Kenny Dope (last name Gonzales) was a hip-hop DJ before he joined Little Louie Vega to form Masters at Work and set the agenda of nineties house music. He released Break Beats during the decade’s final year, a cassette on his own homemade Dopewax imprint (it appeared on CD in 2004). Its composition was the same as mixes by lots of DJs mining hip-hop’s breakbeat roots—utilizing Ultimate Breaks & Beats, the 25-volume series issued in the late eighties by Bronx chauffer Lenny Roberts. Only Dope restricted himself further, sticking with the first eight volumes, which had artist Kev Roberts’ drawing of cute hand-drawn logo of an eight-armed DJ from the sea, before the LP labels switched to more prosaic word logos. These were known as the Octopus Breaks.

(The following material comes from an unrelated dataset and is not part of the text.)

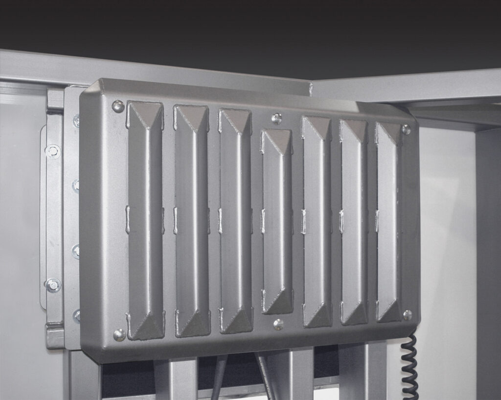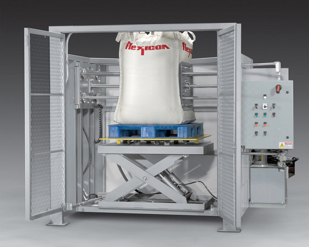 The unit measures 87″ (2210 mm) H X 133″ (3378 mm) W X 78″ (1981 mm) D, and accommodates bulk bags of all popular sizes. It is fully enclosed on all four sides for operator safety and includes full-height doors that are interlocked to disallow operation of the system when the doors are open.
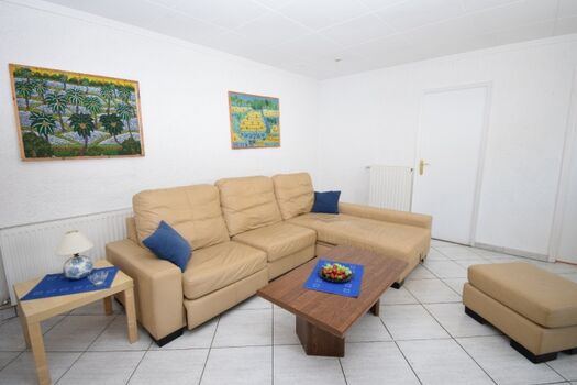 Grosses Wohn- u. Esszimmer mit Klima und SAT-TV, Eck-Leder-Couchgarnitur, Essbereich mit Tisch und Stühle.

Around 2014, I saw Kenny Dope perform a Boiler Room 54 floors up in a pricy mid-Manhattan hotel, soundtracking a bunch of partygoers destroying a suite’s down pillows with a bunch of rap seven-inches and, to finish, “Smells Like Teen Spirit.” It felt less fraught than it would now and sounded great. That sensibility helps make Break Beats so satisfying—it’s a statement of roots in which rocking a crowd is paramount. I also suspect him of being such a digger that he may have used an occasional original LP pressing for his sources here. I wouldn’t put it past him.